What the task requires:
Retype exactly the span of lines below from the one with "Un año más los" through the one with "Tipografia Elvetica, 1831.". Do not include pictures.

Data provided:
====
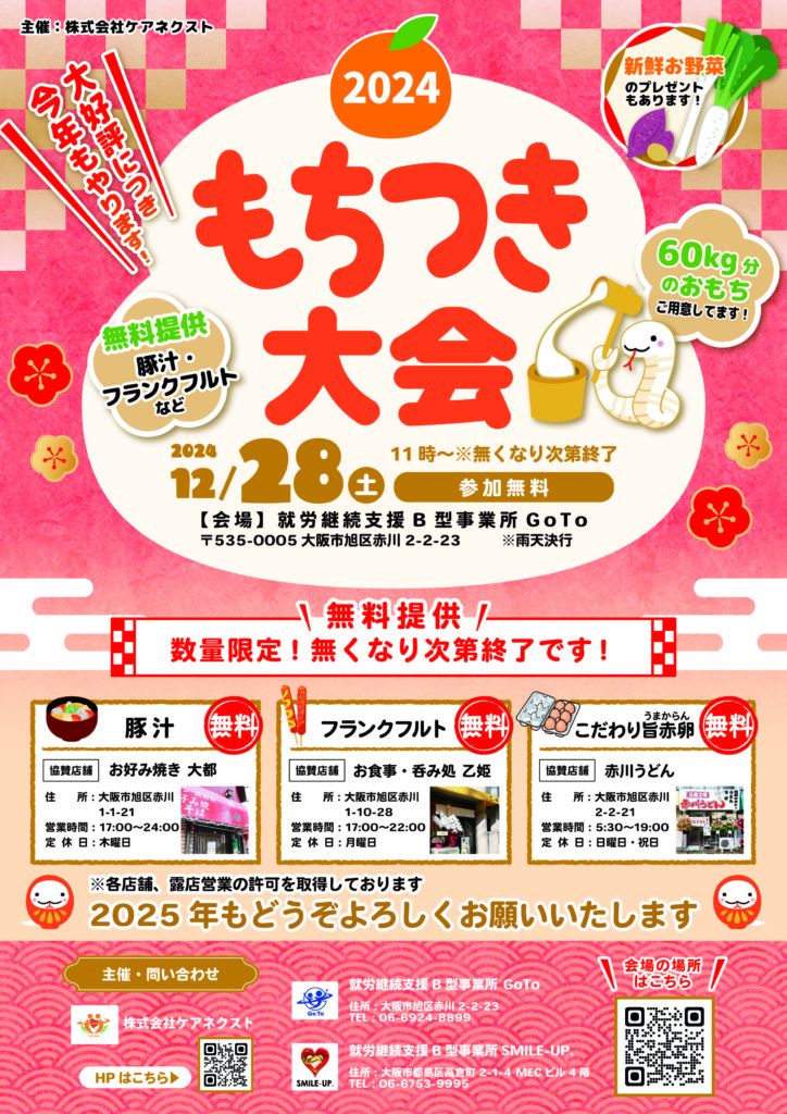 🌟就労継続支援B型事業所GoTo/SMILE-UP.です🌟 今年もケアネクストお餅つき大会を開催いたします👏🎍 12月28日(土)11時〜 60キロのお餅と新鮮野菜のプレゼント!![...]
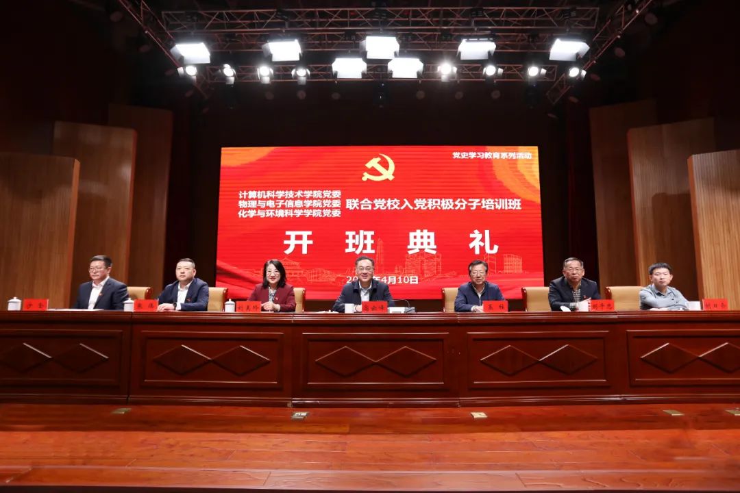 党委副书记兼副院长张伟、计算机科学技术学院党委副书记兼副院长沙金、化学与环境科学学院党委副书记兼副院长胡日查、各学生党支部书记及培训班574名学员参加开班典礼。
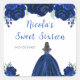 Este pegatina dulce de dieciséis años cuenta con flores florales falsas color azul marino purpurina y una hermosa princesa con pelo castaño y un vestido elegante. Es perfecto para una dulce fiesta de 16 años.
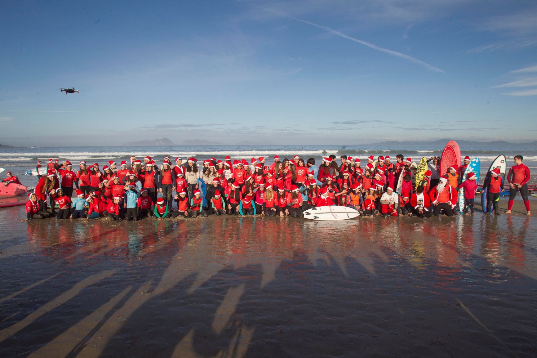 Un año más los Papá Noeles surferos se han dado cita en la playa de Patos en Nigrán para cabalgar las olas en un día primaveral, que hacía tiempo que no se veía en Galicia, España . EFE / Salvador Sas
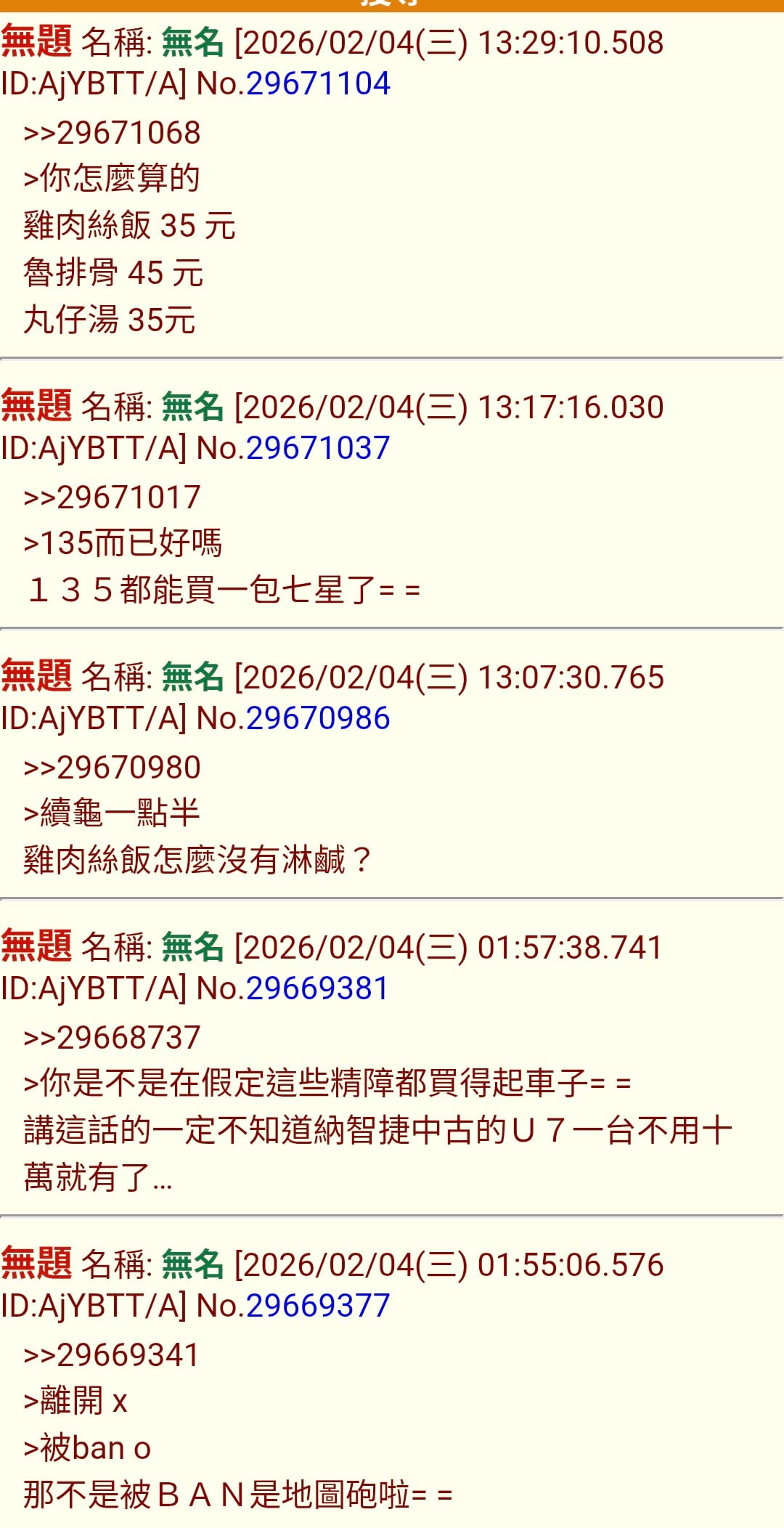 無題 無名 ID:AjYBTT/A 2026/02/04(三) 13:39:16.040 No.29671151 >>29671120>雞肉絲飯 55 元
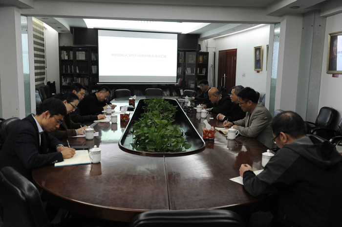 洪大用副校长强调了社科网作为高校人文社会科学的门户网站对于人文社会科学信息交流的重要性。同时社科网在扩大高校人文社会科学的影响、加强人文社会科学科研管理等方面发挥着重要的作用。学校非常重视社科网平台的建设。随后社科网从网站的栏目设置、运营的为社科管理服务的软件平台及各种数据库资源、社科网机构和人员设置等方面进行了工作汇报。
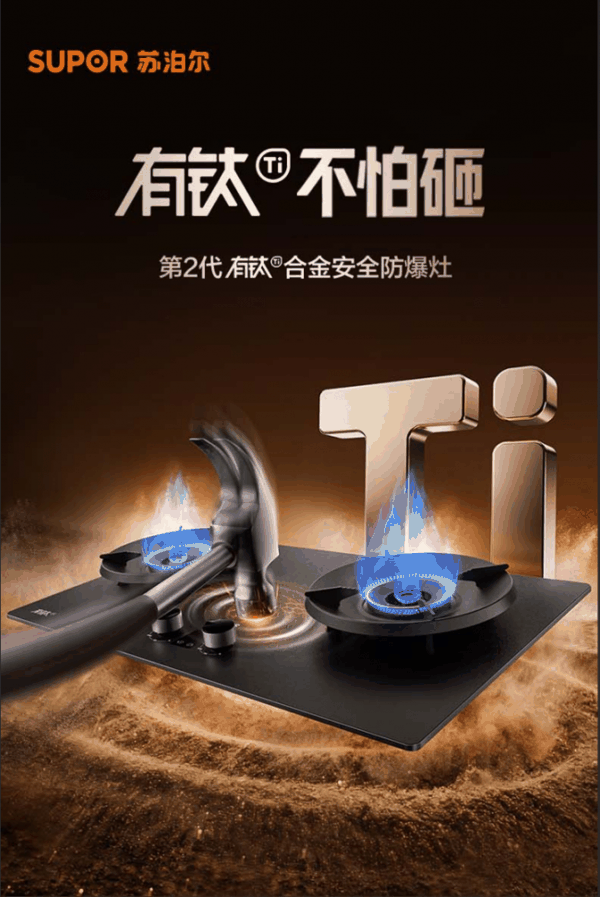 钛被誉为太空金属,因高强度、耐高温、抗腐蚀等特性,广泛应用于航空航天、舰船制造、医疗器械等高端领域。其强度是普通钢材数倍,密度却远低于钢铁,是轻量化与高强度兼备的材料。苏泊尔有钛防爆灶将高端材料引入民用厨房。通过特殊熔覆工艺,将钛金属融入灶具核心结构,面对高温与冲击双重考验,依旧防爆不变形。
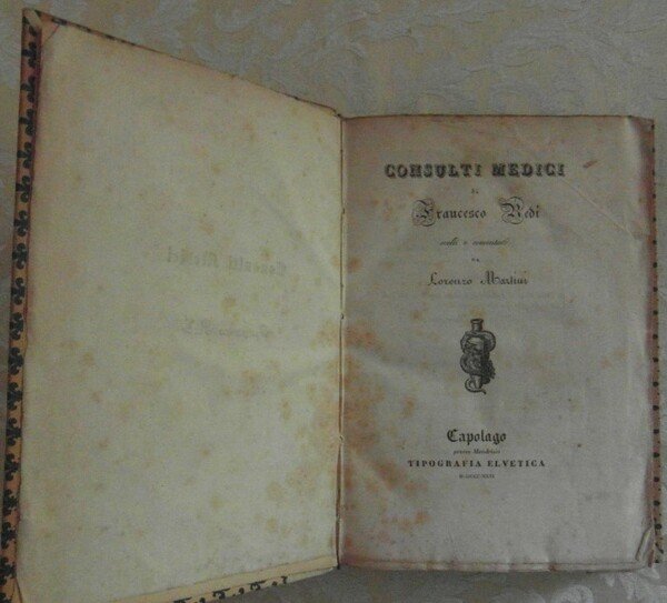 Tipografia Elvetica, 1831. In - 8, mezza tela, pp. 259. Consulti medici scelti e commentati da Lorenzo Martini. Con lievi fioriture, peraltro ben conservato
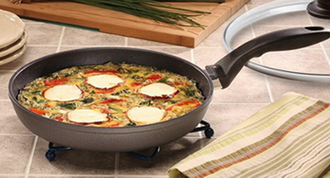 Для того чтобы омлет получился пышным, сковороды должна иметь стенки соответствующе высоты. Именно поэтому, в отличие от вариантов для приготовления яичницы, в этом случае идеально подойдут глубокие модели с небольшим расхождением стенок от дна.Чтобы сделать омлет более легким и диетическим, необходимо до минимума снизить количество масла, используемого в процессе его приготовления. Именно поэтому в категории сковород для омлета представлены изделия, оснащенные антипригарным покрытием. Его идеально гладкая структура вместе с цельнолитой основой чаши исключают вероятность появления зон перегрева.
====
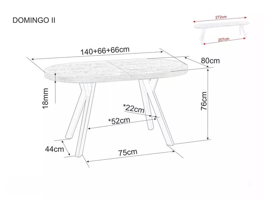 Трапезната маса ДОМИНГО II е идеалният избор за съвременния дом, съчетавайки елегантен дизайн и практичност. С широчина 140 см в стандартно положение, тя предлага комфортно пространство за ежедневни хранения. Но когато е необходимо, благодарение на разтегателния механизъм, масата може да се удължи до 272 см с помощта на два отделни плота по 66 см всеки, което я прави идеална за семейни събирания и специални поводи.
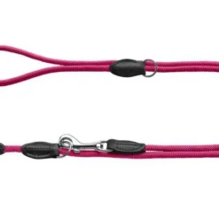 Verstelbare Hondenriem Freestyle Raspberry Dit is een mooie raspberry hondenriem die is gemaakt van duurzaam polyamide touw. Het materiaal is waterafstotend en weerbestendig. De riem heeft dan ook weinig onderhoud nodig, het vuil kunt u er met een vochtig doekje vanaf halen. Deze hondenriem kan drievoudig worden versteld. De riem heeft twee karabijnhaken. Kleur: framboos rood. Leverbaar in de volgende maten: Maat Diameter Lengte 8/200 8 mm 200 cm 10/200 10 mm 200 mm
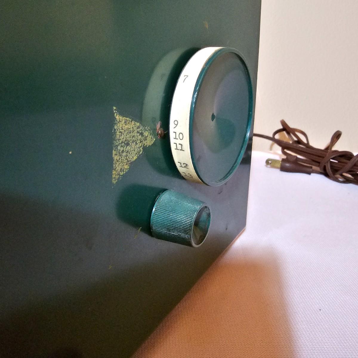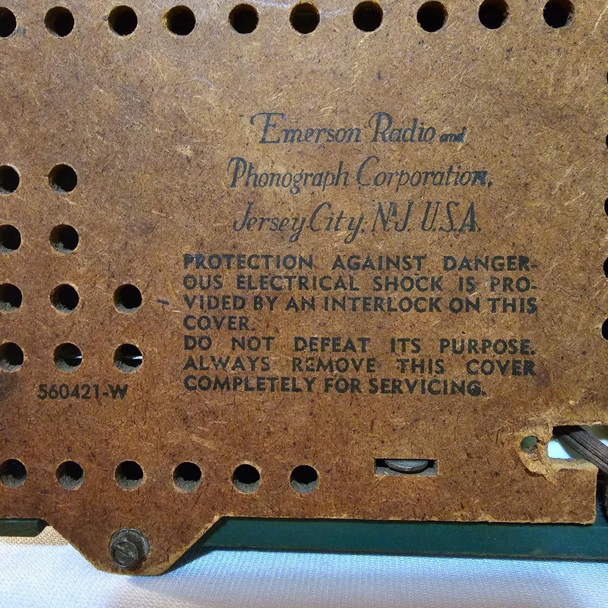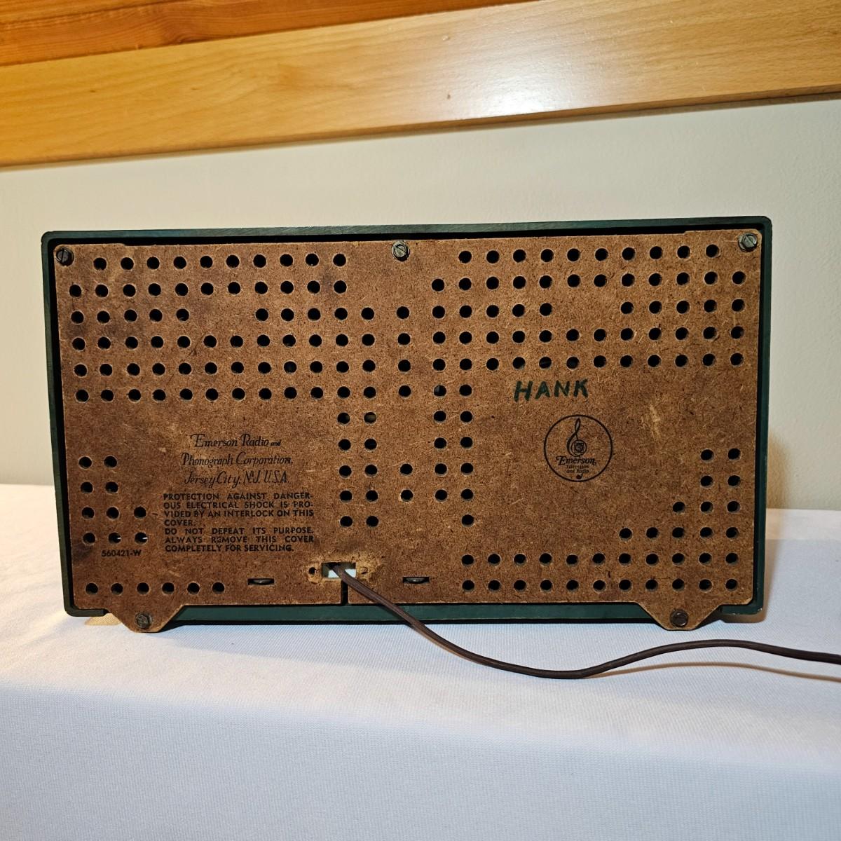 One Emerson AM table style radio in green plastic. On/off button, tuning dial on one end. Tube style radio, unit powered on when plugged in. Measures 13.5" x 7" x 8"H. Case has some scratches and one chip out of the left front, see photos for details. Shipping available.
====
Answer to this problem:
 Un año más los Papá Noeles surferos se han dado cita en la playa de Patos en Nigrán para cabalgar las olas en un día primaveral, que hacía tiempo que no se veía en Galicia, España . EFE / Salvador Sas
 無題 無名 ID:AjYBTT/A 2026/02/04(三) 13:39:16.040 No.29671151 >>29671120>雞肉絲飯 55 元
 洪大用副校长强调了社科网作为高校人文社会科学的门户网站对于人文社会科学信息交流的重要性。同时社科网在扩大高校人文社会科学的影响、加强人文社会科学科研管理等方面发挥着重要的作用。学校非常重视社科网平台的建设。随后社科网从网站的栏目设置、运营的为社科管理服务的软件平台及各种数据库资源、社科网机构和人员设置等方面进行了工作汇报。
 钛被誉为太空金属,因高强度、耐高温、抗腐蚀等特性,广泛应用于航空航天、舰船制造、医疗器械等高端领域。其强度是普通钢材数倍,密度却远低于钢铁,是轻量化与高强度兼备的材料。苏泊尔有钛防爆灶将高端材料引入民用厨房。通过特殊熔覆工艺,将钛金属融入灶具核心结构,面对高温与冲击双重考验,依旧防爆不变形。
 Tipografia Elvetica, 1831. In - 8, mezza tela, pp. 259. Consulti medici scelti e commentati da Lorenzo Martini. Con lievi fioriture, peraltro ben conservato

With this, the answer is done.